Thanks to Captain Archer, Enterprise and her crew have been reassembled and their mission restarted. Their first mission takes them to a strange new world… or does it?
This is a sequel to my two other parody fanfics, These Were The Voyages and There Aren’t The Voyages (You’re Looking For).
Disclaimer: Paramount/CBS owns Star Trek, not me.

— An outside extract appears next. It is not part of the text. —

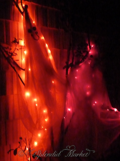 While I wanted a spooky stand out, I also wanted something that would blend in with the gardens. Looking around the market I was able to find some natural materials with which I could easily create structure for my splendid spirits. Look around — maybe you have some things in your surroundings, which could easily be converted, with simple shrouds of cheesecloth, into a lovely, billowing decoration for all hallow’s eve.

Captain’s Starlog, December 13th, 2006
Now that our mission has been given the green light to resume despite studio grumblings, Enterprise has already encountered a fresh new planet. The crew is looking forward to assembling landing parties to explore this strange new world…
Wait, what’s that…?
You’ve got to be kidding me…
That damned Moonie…
Captain’s Starlog, Supplemental
Turns out that Enterprise has left space dock without any shuttlepods and so we’ll have to use the transporter to beam down away teams to explore this world. Despite improvements made to our transporter system, many crew remain skeptical over its use over…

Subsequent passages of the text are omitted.